**TASK BRIEF:** Every line below must be copied as written, except for pictures.

**DATA EXCERPT:**

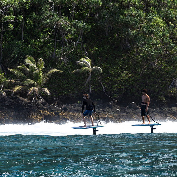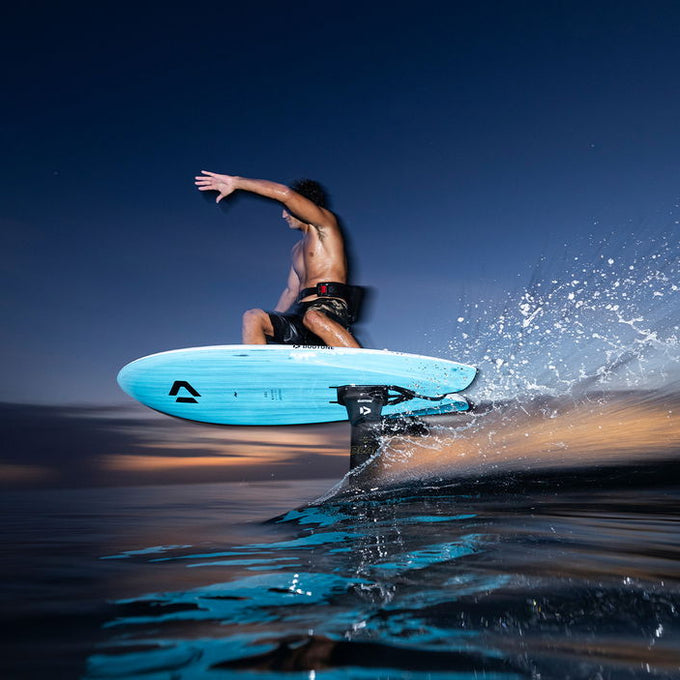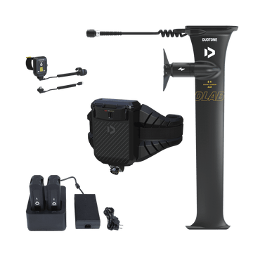 El Foil Assist funciona con dos baterías compactas alojadas en una caja estanca montada en un arnés ultraligero (aprox. 3,76 kg). Esto mantiene tu tabla libre de peso y drag adicionales. Con las baterías colocadas en tus caderas, se conserva la sensación natural y fluida del foiling, sin limitar tu libertad de movimiento. El eHarness es flotante y fácil de quitar. Un cable recorre discretamente el leash corto de la tabla y conecta las baterías con el eMast. El receptor integrado en la caja de la batería garantiza una conexión estable y fiable entre el control remoto y el motor durante toda la sesión.
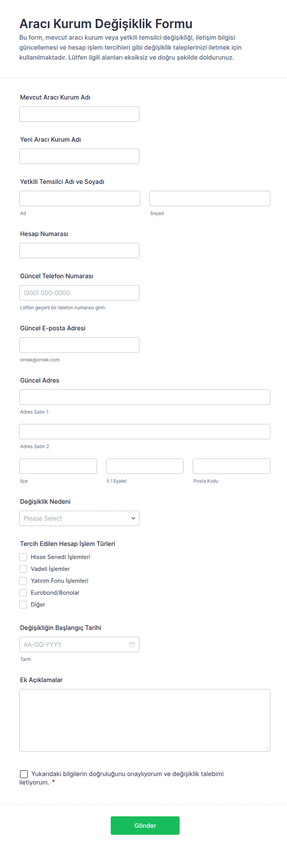 Broker formu, aracıların müşteriler, işlemler, mülkler veya poliçelerle ilgili bilgileri toplamak, işlemek ve yönetmek için kullandığı dijital bir belgedir. Veri girişini kolaylaştırır ve sektör standartlarına uyumu sağlar.
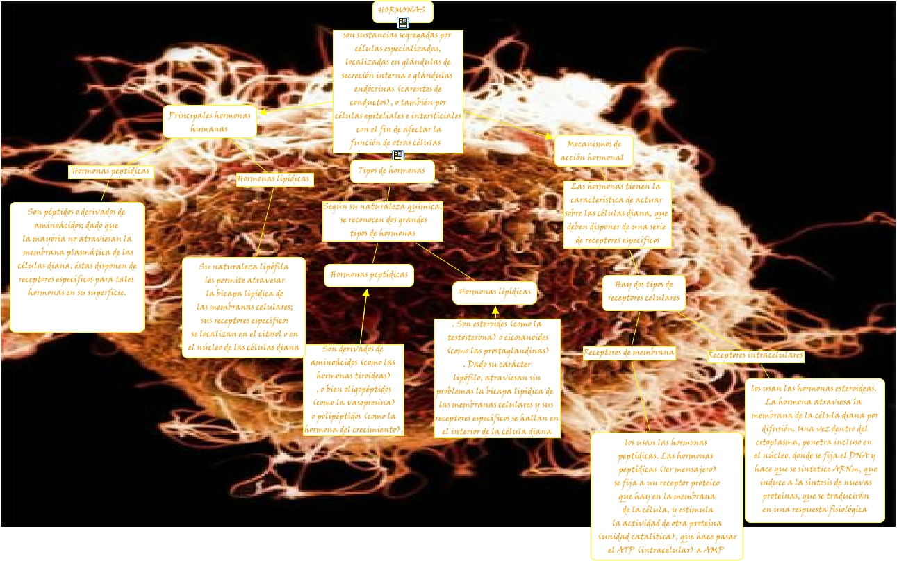 Este Cmap, tiene información relacionada con: HORMONAS SALLY, Hay dos tipos de receptores celulares Receptores de membrana los usan las hormonas peptídicas. Las hormonas peptídicas (1er mensajero) se fija a un receptor proteico que hay en la membrana de la célula, y estimula la actividad de otra proteína (unidad catalítica), que hace pasar el ATP (intracelular) a AMP, Principales hormonas humanas Hormonas lipídicas Su naturaleza lipófila les permite atravesar la bicapa lipídica de las membranas celulares; sus receptores específicos se localizan en el citosol o en el núcleo de las células diana, HORMONAS son sustancias segregadas por células especializadas, localizadas en glándulas de secreción interna o glándulas endócrinas (carentes de conductos), o también por células epiteliales e intersticiales con el fin de afectar la función de otras células Principales hormonas humanas, Mecanismos de acción hormonal Las hormonas tienen la característica de actuar sobre las células diana, que deben disponer de una serie de receptores específicos Hay dos tipos de receptores celulares, Hay dos tipos de receptores celulares Receptores intracelulares los usan las hormonas esteroideas. La hormona atraviesa la membrana de la célula diana por difusión. Una vez dentro del citoplasma, penetra incluso en el núcleo, donde se fija el DNA y hace que se sintetice ARNm, que induce a la síntesis de nuevas proteínas, que se traducirán en una respuesta fisiológica, HORMONAS son sustancias segregadas por células especializadas, localizadas en glándulas de secreción interna o glándulas endócrinas (carentes de conductos), o también por células epiteliales e intersticiales con el fin de afectar la función de otras células Mecanismos de acción hormonal, Principales hormonas humanas Hormonas peptídicas Son péptidos o derivados de aminoácidos; dado que la mayoría no atraviesan la membrana plasmática de las células diana, éstas disponen de receptores específicos para tales hormonas en su superficie., HORMONAS son sustancias segregadas por células especializadas, localizadas en glándulas de secreción interna o glándulas endócrinas (carentes de conductos), o también por células epiteliales e intersticiales con el fin de afectar la función de otras células Tipos de hormonas, Tipos de hormonas Según su naturaleza química, se reconocen dos grandes tipos de hormonas Hormonas peptídicas, Tipos de hormonas Según su naturaleza química, se reconocen dos grandes tipos de hormonas Hormonas lipídicas

**WRITTEN ANSWER:**
 El Foil Assist funciona con dos baterías compactas alojadas en una caja estanca montada en un arnés ultraligero (aprox. 3,76 kg). Esto mantiene tu tabla libre de peso y drag adicionales. Con las baterías colocadas en tus caderas, se conserva la sensación natural y fluida del foiling, sin limitar tu libertad de movimiento. El eHarness es flotante y fácil de quitar. Un cable recorre discretamente el leash corto de la tabla y conecta las baterías con el eMast. El receptor integrado en la caja de la batería garantiza una conexión estable y fiable entre el control remoto y el motor durante toda la sesión.
 Broker formu, aracıların müşteriler, işlemler, mülkler veya poliçelerle ilgili bilgileri toplamak, işlemek ve yönetmek için kullandığı dijital bir belgedir. Veri girişini kolaylaştırır ve sektör standartlarına uyumu sağlar.
 Este Cmap, tiene información relacionada con: HORMONAS SALLY, Hay dos tipos de receptores celulares Receptores de membrana los usan las hormonas peptídicas. Las hormonas peptídicas (1er mensajero) se fija a un receptor proteico que hay en la membrana de la célula, y estimula la actividad de otra proteína (unidad catalítica), que hace pasar el ATP (intracelular) a AMP, Principales hormonas humanas Hormonas lipídicas Su naturaleza lipófila les permite atravesar la bicapa lipídica de las membranas celulares; sus receptores específicos se localizan en el citosol o en el núcleo de las células diana, HORMONAS son sustancias segregadas por células especializadas, localizadas en glándulas de secreción interna o glándulas endócrinas (carentes de conductos), o también por células epiteliales e intersticiales con el fin de afectar la función de otras células Principales hormonas humanas, Mecanismos de acción hormonal Las hormonas tienen la característica de actuar sobre las células diana, que deben disponer de una serie de receptores específicos Hay dos tipos de receptores celulares, Hay dos tipos de receptores celulares Receptores intracelulares los usan las hormonas esteroideas. La hormona atraviesa la membrana de la célula diana por difusión. Una vez dentro del citoplasma, penetra incluso en el núcleo, donde se fija el DNA y hace que se sintetice ARNm, que induce a la síntesis de nuevas proteínas, que se traducirán en una respuesta fisiológica, HORMONAS son sustancias segregadas por células especializadas, localizadas en glándulas de secreción interna o glándulas endócrinas (carentes de conductos), o también por células epiteliales e intersticiales con el fin de afectar la función de otras células Mecanismos de acción hormonal, Principales hormonas humanas Hormonas peptídicas Son péptidos o derivados de aminoácidos; dado que la mayoría no atraviesan la membrana plasmática de las células diana, éstas disponen de receptores específicos para tales hormonas en su superficie., HORMONAS son sustancias segregadas por células especializadas, localizadas en glándulas de secreción interna o glándulas endócrinas (carentes de conductos), o también por células epiteliales e intersticiales con el fin de afectar la función de otras células Tipos de hormonas, Tipos de hormonas Según su naturaleza química, se reconocen dos grandes tipos de hormonas Hormonas peptídicas, Tipos de hormonas Según su naturaleza química, se reconocen dos grandes tipos de hormonas Hormonas lipídicas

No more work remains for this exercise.